→ Data
- - -

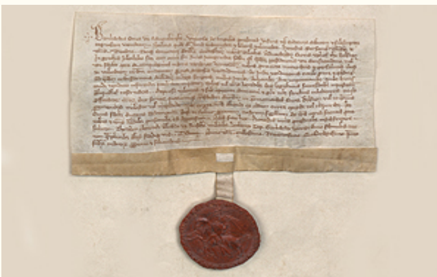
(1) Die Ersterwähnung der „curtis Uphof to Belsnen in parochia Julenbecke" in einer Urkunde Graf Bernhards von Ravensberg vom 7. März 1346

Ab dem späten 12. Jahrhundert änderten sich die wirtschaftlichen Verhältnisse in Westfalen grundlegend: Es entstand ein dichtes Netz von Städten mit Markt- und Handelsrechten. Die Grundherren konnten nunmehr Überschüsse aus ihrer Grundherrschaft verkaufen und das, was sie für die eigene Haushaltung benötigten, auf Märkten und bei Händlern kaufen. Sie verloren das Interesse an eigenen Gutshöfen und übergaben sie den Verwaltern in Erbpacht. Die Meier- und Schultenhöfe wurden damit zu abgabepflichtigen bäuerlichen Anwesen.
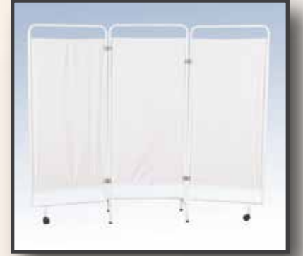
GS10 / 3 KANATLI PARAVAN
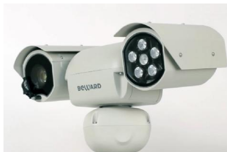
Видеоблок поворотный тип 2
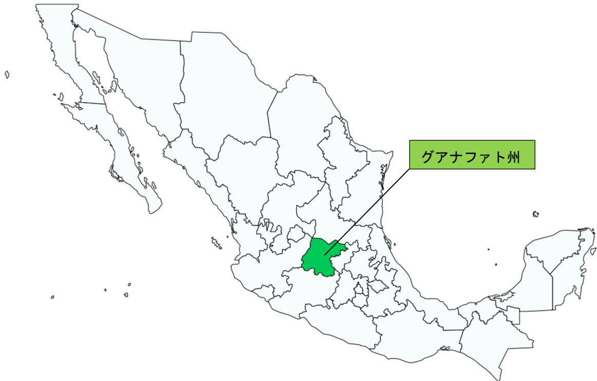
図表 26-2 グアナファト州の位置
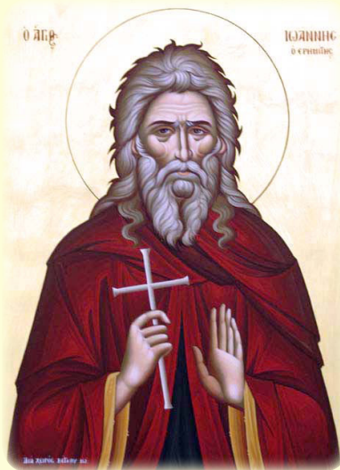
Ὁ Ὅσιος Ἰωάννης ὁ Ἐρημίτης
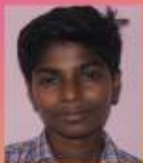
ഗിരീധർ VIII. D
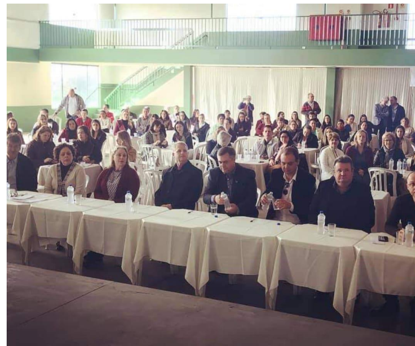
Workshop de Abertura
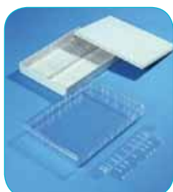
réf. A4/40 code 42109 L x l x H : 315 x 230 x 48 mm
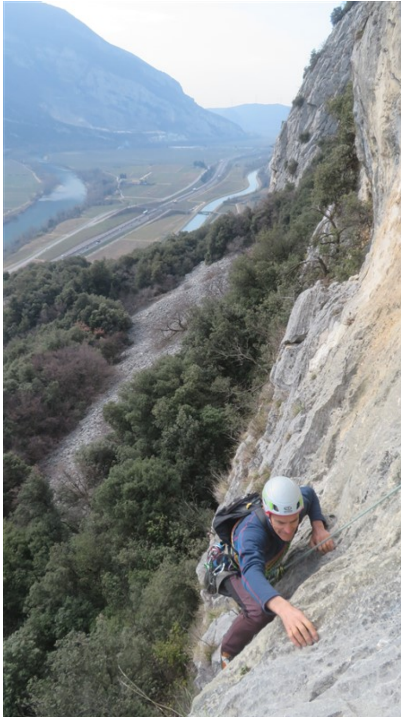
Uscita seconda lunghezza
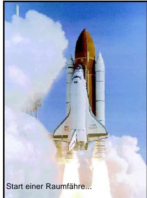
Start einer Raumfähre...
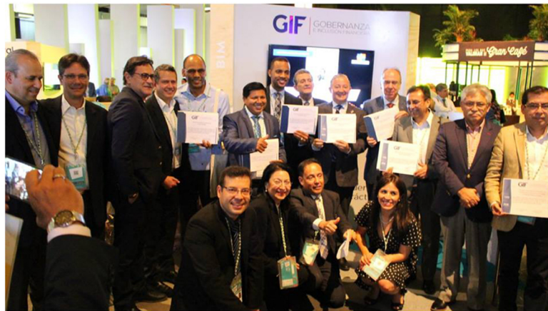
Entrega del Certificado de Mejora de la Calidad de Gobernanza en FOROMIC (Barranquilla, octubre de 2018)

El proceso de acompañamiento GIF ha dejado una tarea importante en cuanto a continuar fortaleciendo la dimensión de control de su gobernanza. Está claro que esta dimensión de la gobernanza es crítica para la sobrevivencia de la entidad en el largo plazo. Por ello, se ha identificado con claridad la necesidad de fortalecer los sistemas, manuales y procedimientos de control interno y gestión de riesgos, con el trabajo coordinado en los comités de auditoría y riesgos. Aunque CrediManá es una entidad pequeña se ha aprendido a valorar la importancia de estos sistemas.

- - -

Repeat exactly the lines above, from the line containing "ഗിരീധർ VIII. D" through the last line of the records, inclusive; omit any pictures.

→ Output
ഗിരീധർ VIII. D
Workshop de Abertura
réf. A4/40 code 42109 L x l x H : 315 x 230 x 48 mm
Uscita seconda lunghezza
Start einer Raumfähre...
Entrega del Certificado de Mejora de la Calidad de Gobernanza en FOROMIC (Barranquilla, octubre de 2018)

El proceso de acompañamiento GIF ha dejado una tarea importante en cuanto a continuar fortaleciendo la dimensión de control de su gobernanza. Está claro que esta dimensión de la gobernanza es crítica para la sobrevivencia de la entidad en el largo plazo. Por ello, se ha identificado con claridad la necesidad de fortalecer los sistemas, manuales y procedimientos de control interno y gestión de riesgos, con el trabajo coordinado en los comités de auditoría y riesgos. Aunque CrediManá es una entidad pequeña se ha aprendido a valorar la importancia de estos sistemas.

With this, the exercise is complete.